**Your instructions:**
Please repeat word for word the line containing "Japanese title: 生写真(ハロプロ)/アイドル/Berryz工房" and every following line up to and including the last one below, pictures excluded.

**Recorded data:**

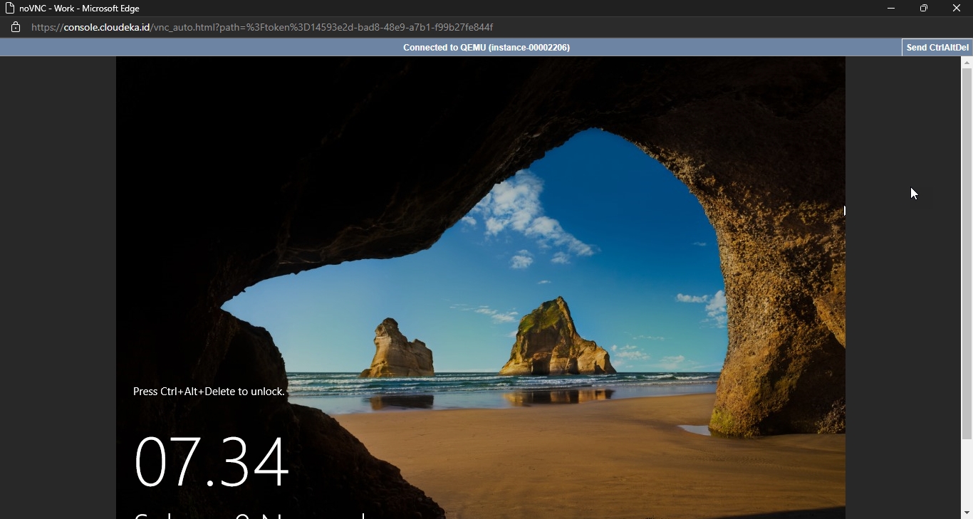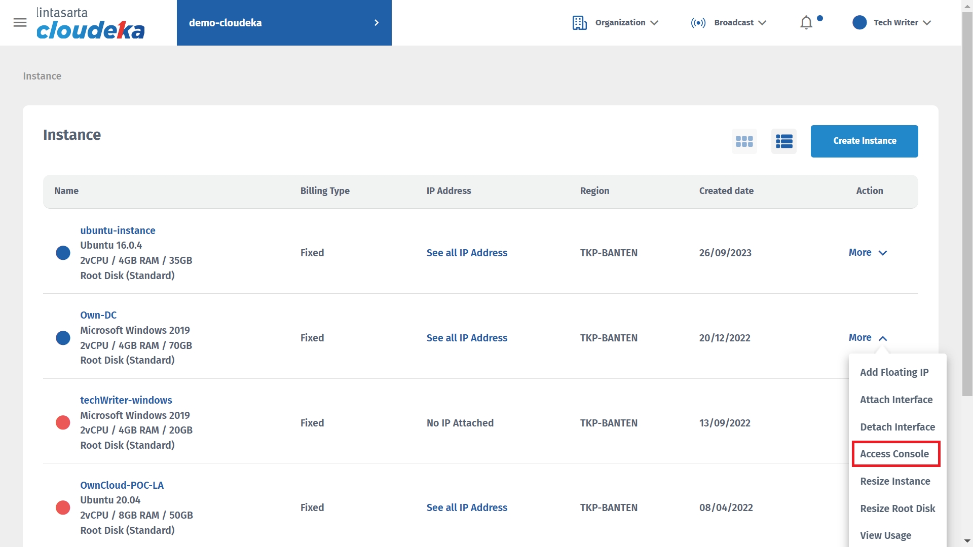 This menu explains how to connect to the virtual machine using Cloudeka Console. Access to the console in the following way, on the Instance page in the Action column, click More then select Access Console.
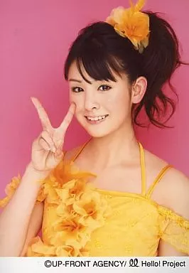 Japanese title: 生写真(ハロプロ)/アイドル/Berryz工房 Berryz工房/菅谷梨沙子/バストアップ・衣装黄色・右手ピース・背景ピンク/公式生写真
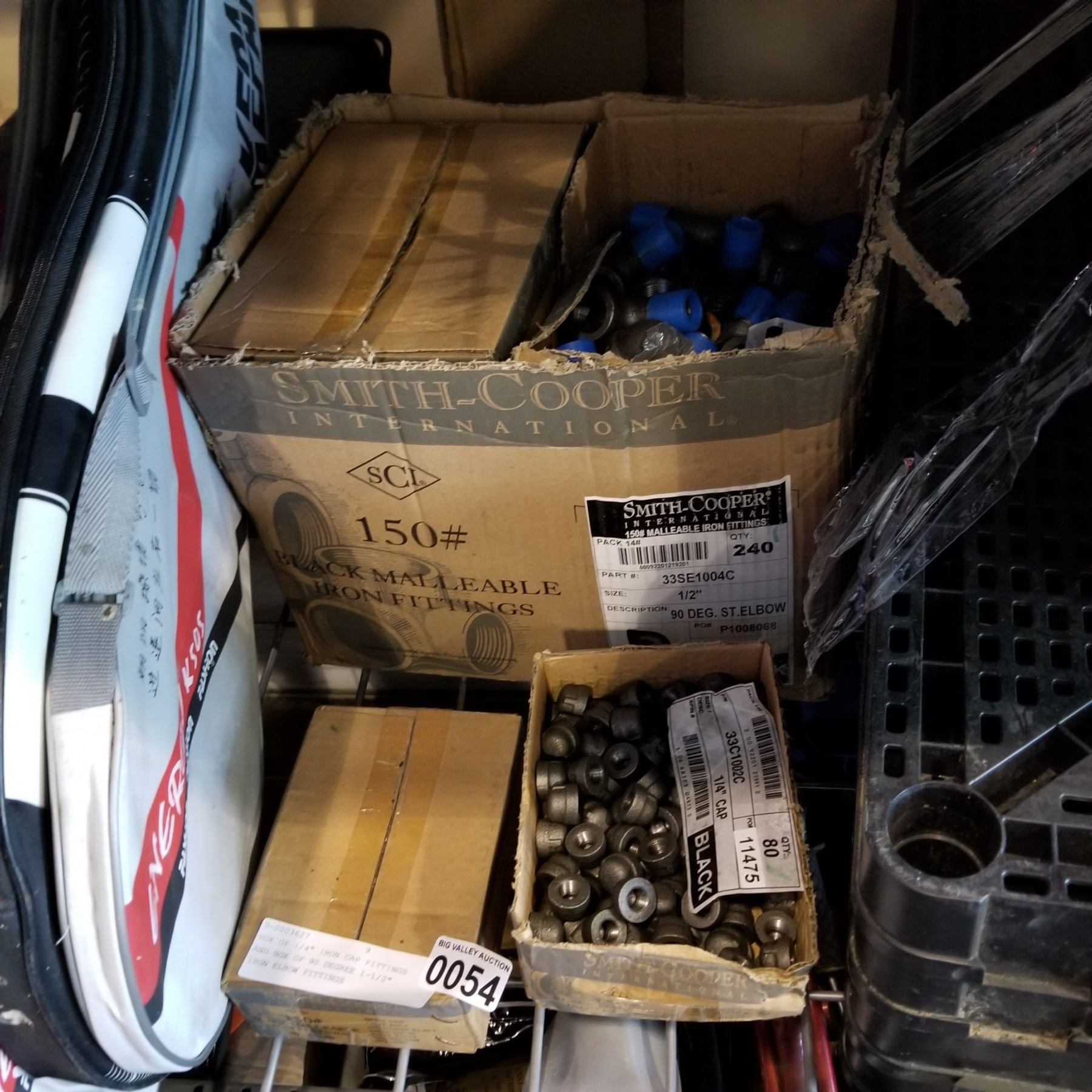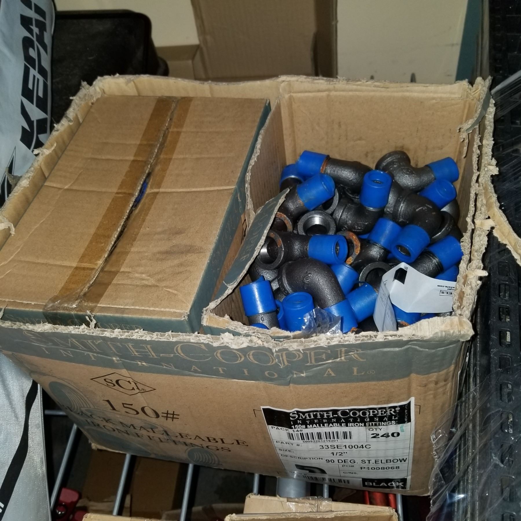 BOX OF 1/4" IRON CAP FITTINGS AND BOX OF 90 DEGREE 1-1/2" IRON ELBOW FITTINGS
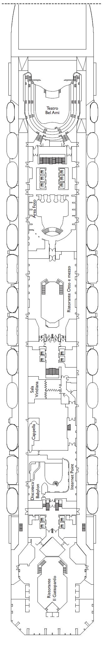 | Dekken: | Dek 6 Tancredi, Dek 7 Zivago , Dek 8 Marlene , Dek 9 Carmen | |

**Solved problem:**
 Japanese title: 生写真(ハロプロ)/アイドル/Berryz工房 Berryz工房/菅谷梨沙子/バストアップ・衣装黄色・右手ピース・背景ピンク/公式生写真
 BOX OF 1/4" IRON CAP FITTINGS AND BOX OF 90 DEGREE 1-1/2" IRON ELBOW FITTINGS
 | Dekken: | Dek 6 Tancredi, Dek 7 Zivago , Dek 8 Marlene , Dek 9 Carmen | |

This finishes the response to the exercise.